Task details>
Once "ゴムを引きのばして,戻ろうと" turns up in a line below, reproduce that line and those after it exactly, stopping after the line with "Здесь важны детали"; leave pictures out.

Records from a dataset>
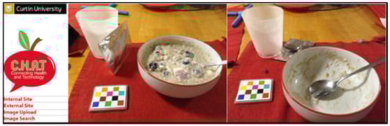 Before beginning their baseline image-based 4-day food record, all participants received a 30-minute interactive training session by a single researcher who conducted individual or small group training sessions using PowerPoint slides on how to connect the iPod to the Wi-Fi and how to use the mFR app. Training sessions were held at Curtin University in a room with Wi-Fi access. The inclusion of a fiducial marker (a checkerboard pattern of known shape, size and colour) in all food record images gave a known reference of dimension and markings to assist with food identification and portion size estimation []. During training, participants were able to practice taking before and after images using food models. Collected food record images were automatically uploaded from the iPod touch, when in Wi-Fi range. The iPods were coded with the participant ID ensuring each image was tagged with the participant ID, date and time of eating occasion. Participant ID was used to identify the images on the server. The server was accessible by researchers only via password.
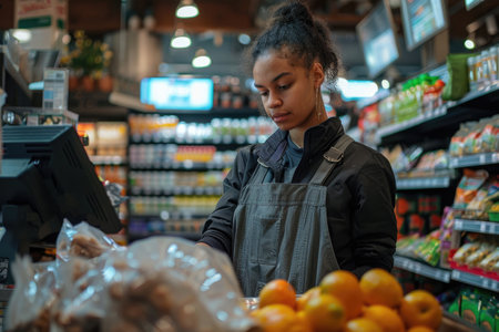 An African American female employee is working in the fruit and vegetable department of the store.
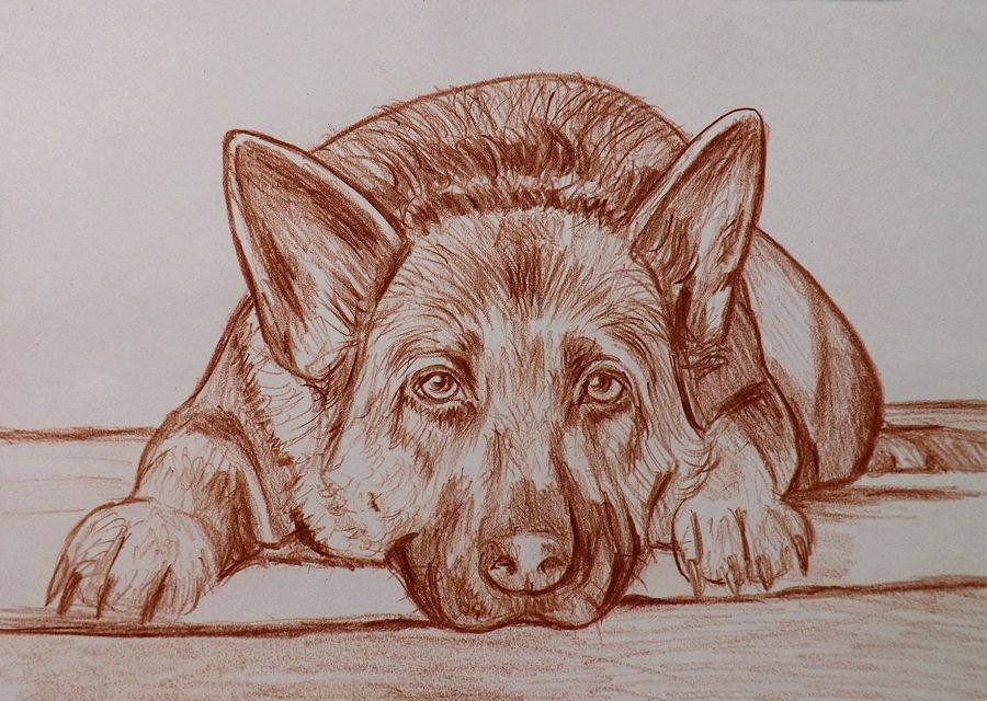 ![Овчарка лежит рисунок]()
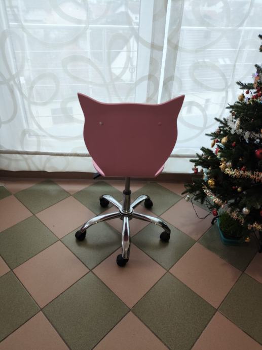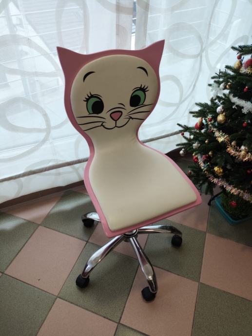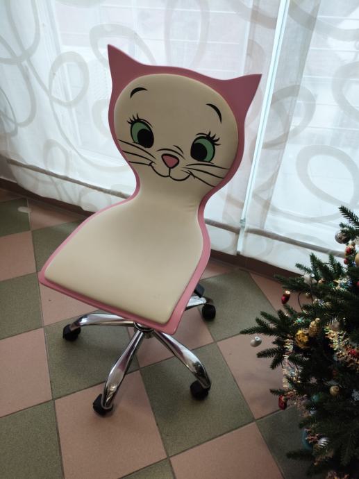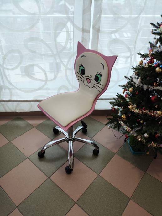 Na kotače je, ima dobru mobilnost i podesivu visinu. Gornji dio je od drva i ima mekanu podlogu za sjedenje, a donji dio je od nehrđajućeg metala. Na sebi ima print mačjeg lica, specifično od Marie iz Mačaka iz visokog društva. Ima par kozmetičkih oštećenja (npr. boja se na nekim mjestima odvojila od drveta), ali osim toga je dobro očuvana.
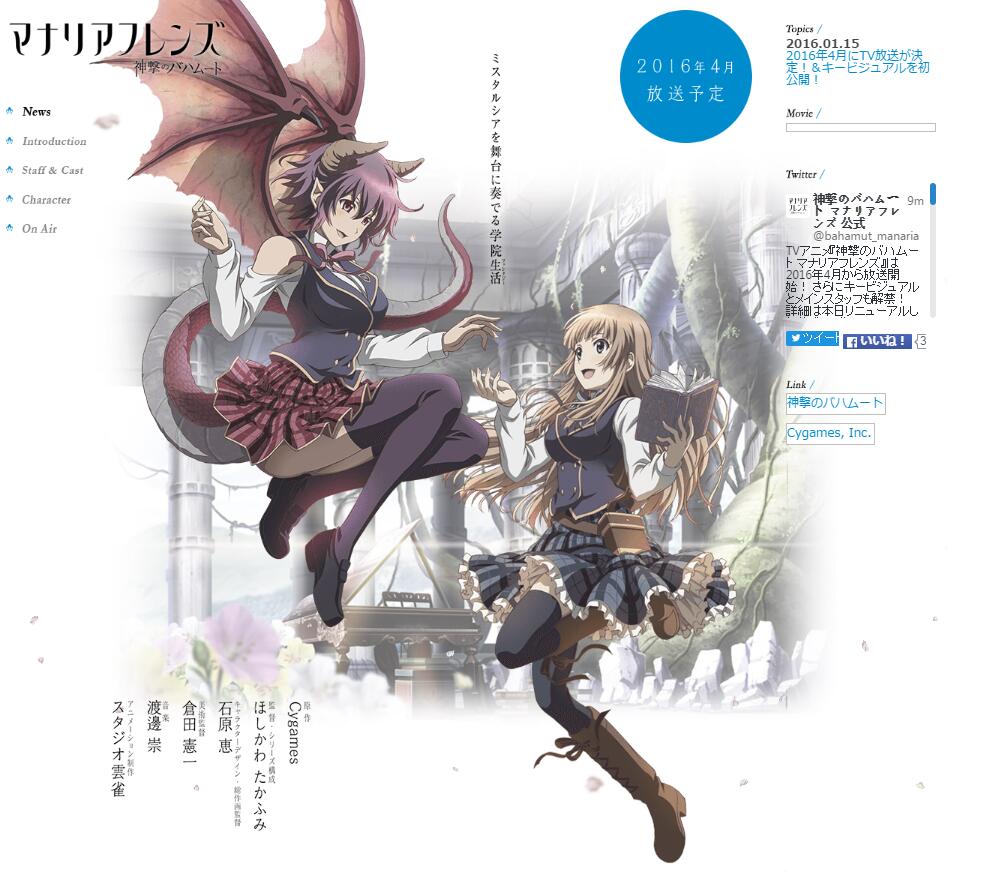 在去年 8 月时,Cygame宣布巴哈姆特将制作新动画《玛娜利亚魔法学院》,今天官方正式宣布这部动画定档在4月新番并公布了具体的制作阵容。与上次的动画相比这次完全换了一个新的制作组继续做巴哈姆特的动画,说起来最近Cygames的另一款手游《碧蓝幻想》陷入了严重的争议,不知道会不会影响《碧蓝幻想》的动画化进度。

* * *

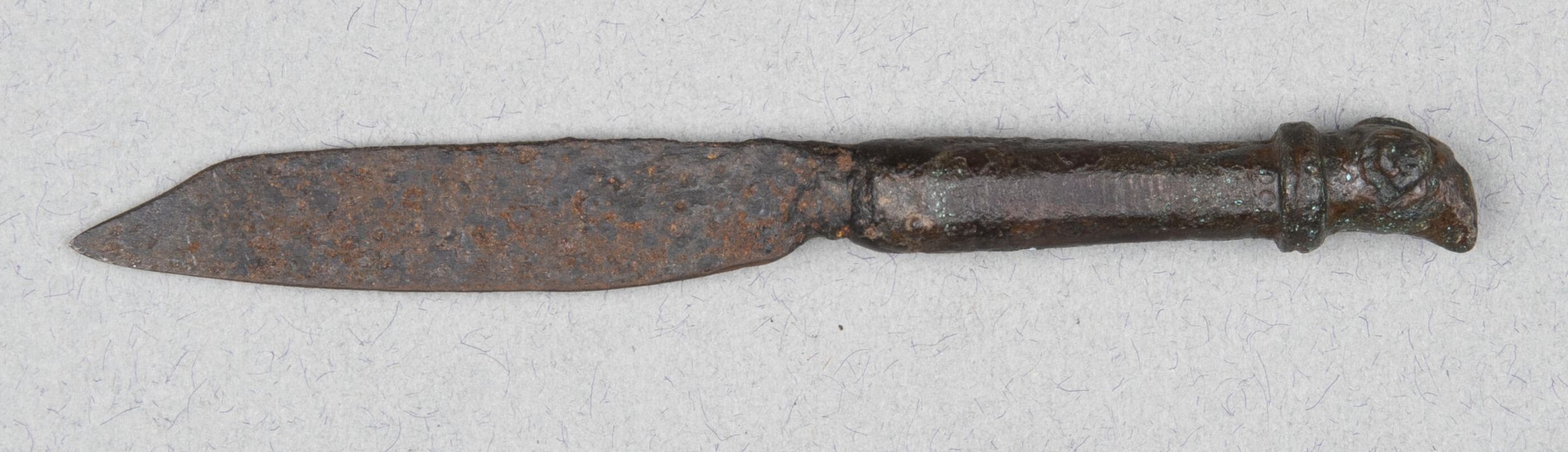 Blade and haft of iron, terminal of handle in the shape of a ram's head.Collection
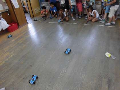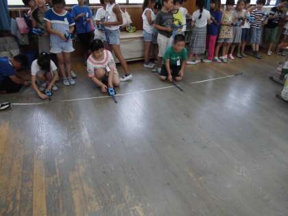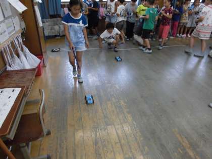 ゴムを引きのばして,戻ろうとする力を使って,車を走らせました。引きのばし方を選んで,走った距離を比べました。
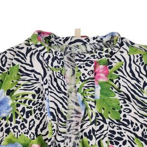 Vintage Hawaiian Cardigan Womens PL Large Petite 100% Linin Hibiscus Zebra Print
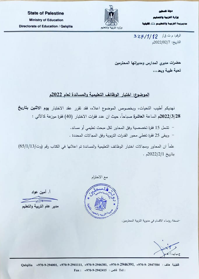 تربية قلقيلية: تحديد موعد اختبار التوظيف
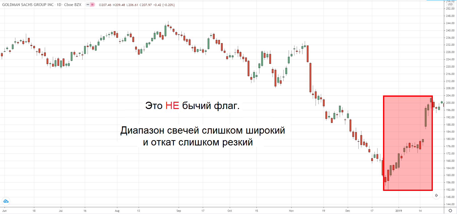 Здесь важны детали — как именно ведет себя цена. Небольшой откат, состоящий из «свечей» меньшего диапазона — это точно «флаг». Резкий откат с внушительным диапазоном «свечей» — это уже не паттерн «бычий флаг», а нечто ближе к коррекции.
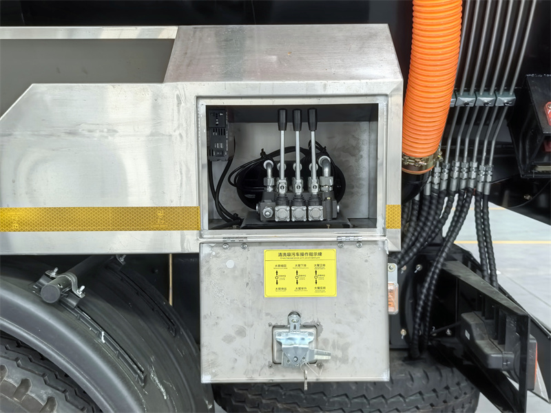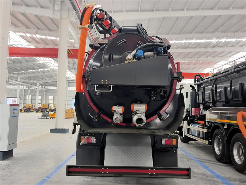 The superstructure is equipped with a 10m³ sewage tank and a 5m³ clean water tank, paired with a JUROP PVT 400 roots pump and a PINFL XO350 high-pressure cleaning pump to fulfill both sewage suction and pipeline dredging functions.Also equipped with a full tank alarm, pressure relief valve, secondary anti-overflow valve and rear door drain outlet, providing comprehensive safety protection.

Exercise solution>
 ゴムを引きのばして,戻ろうとする力を使って,車を走らせました。引きのばし方を選んで,走った距離を比べました。
 Vintage Hawaiian Cardigan Womens PL Large Petite 100% Linin Hibiscus Zebra Print
 تربية قلقيلية: تحديد موعد اختبار التوظيف
 Здесь важны детали — как именно ведет себя цена. Небольшой откат, состоящий из «свечей» меньшего диапазона — это точно «флаг». Резкий откат с внушительным диапазоном «свечей» — это уже не паттерн «бычий флаг», а нечто ближе к коррекции.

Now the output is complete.